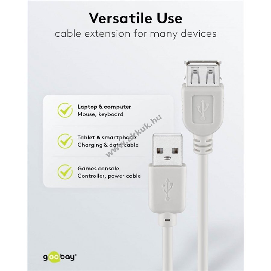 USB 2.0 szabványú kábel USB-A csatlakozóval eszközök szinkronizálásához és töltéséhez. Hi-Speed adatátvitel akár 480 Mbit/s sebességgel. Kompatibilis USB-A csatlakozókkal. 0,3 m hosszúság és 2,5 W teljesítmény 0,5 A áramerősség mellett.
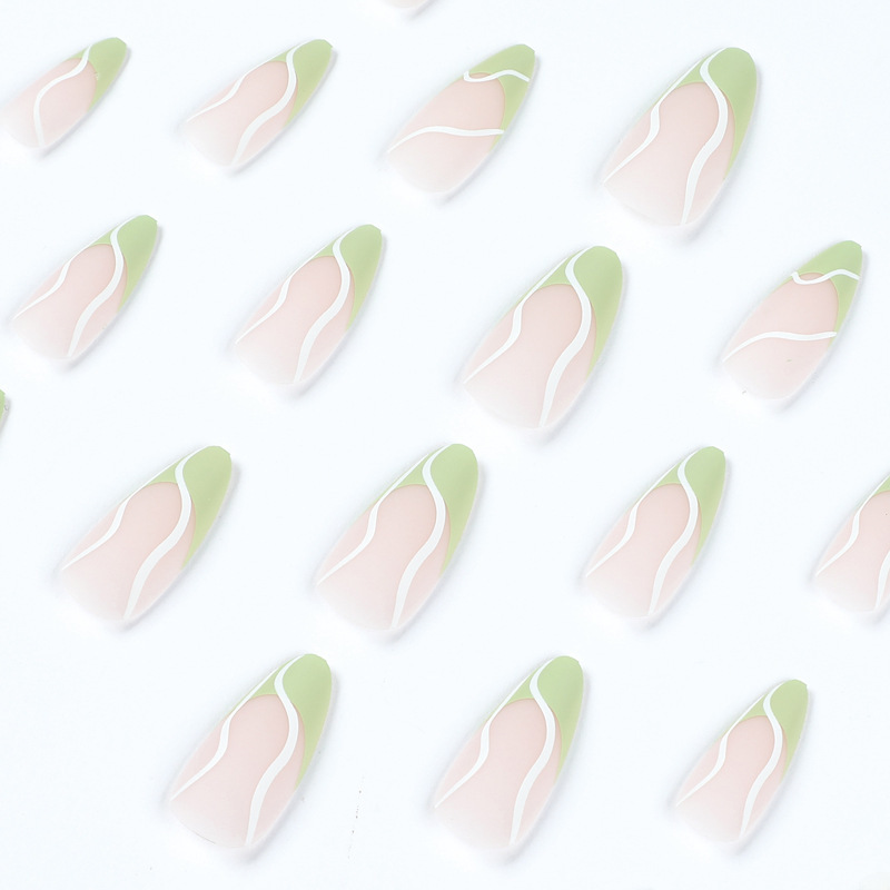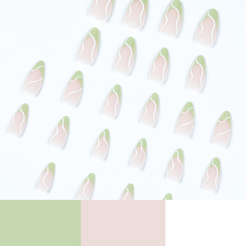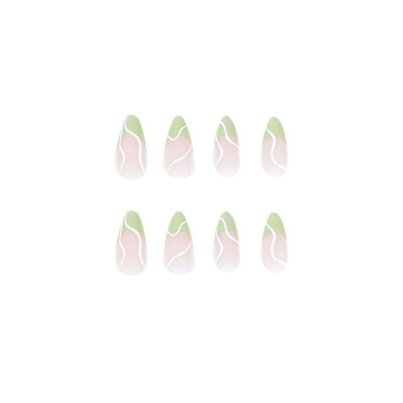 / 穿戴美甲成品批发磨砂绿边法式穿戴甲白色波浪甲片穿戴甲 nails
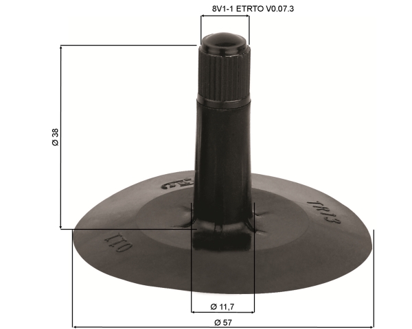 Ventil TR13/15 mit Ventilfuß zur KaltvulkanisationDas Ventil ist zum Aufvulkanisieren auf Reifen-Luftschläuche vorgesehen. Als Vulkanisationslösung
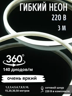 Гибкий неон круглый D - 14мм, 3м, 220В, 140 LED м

▸ REQUIRED WORK
Excluding all images, transcribe the material word for word.

▸ RESULT FOR THIS EXERCISE
 USB 2.0 szabványú kábel USB-A csatlakozóval eszközök szinkronizálásához és töltéséhez. Hi-Speed adatátvitel akár 480 Mbit/s sebességgel. Kompatibilis USB-A csatlakozókkal. 0,3 m hosszúság és 2,5 W teljesítmény 0,5 A áramerősség mellett.
 / 穿戴美甲成品批发磨砂绿边法式穿戴甲白色波浪甲片穿戴甲 nails
 Ventil TR13/15 mit Ventilfuß zur KaltvulkanisationDas Ventil ist zum Aufvulkanisieren auf Reifen-Luftschläuche vorgesehen. Als Vulkanisationslösung
 Гибкий неон круглый D - 14мм, 3м, 220В, 140 LED м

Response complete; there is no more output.